From the documentation and sample code (https://developer.apple.com/documentation/avfoundation/additional_data_capture/capturing_depth_using_the_lidar_camera), my understand is that AVFoundation does provide more access to manual control as well as 2x higher resolution of depth image than ARKit.
However, upon reading the https://developer.apple.com/augmented-reality/arkit/ website as well the WWDC vid (https://developer.apple.com/videos/play/wwdc2022/10126/), it looks like ARKit 6 now also supports 4K video capture (RGB mode) while scene understanding is running under the hood. I was wondering if anyone knows if the resolution of depth images is still a limitation of ARKit vs AVFoundation.
I'm trying to build a capture app that relies on high-quality depth image/lidar info. What would you suggest or any other consideration I should keep in mind?
Thank you!
Post not yet marked as solved
I would like to know whether it will be possible to access high-resolution textures coming from ARKit scene reconstruction or by having access to camera frames.

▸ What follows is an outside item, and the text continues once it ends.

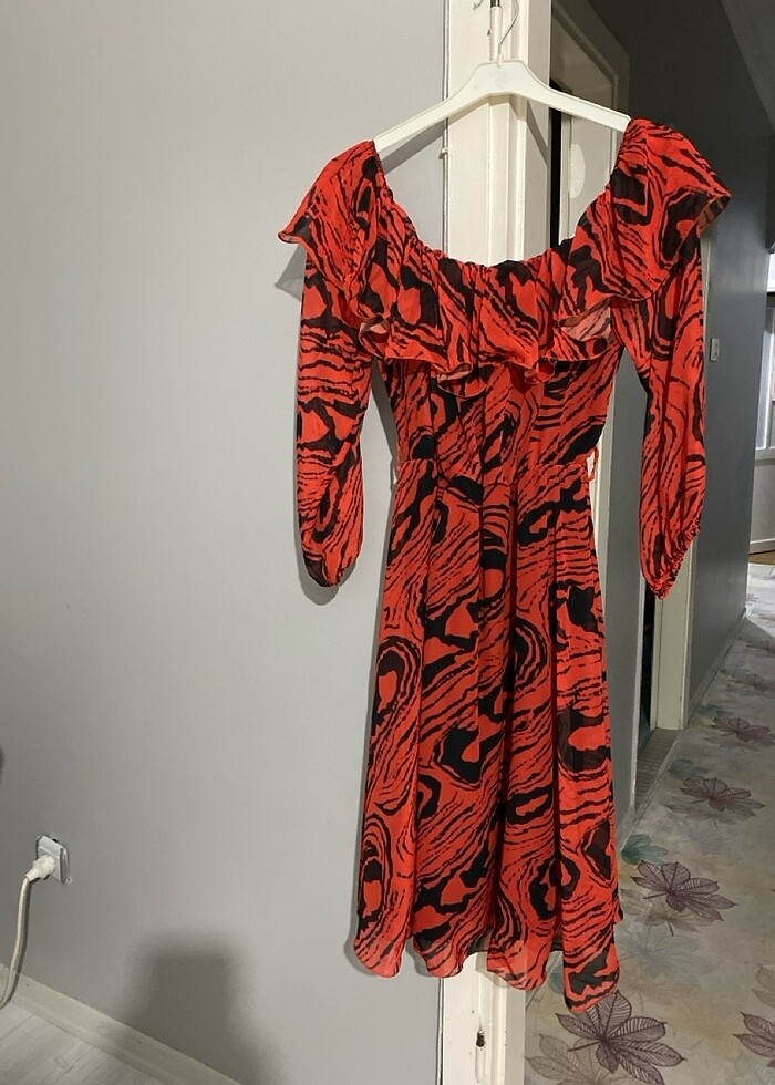 Şifon güzel bir elbise. İster düşük omuzla, ister yukarda kullanılabilir. Kemeri mevcut değil. Renk nar çiçeği.

In session 10091 it appears that ARFrame (with its camera data) is no longer available on visionOS.
The use cases I have in mind are along the lines of:
Having a paper card with a QR code on a physical table and use pixel data to recognize the code and place a corresponding virtual object on top
Having physical board game components recognized and used as inputs: for example you control white chess pieces physically while your opponent's black pieces are projected virtually onto your table
Having a user draw a crude map on physical paper and being able to use this as an image to be processed/recognized
These examples all have in common that the physical objects serve directly as inputs to the application without having to manipulate a virtual representation.
In an ideal privacy-preserving way it would be possible to ask ARKit to provide texture information a specially-defined volume in physical space or at least a given recognized surface (e.g. a table or a wall).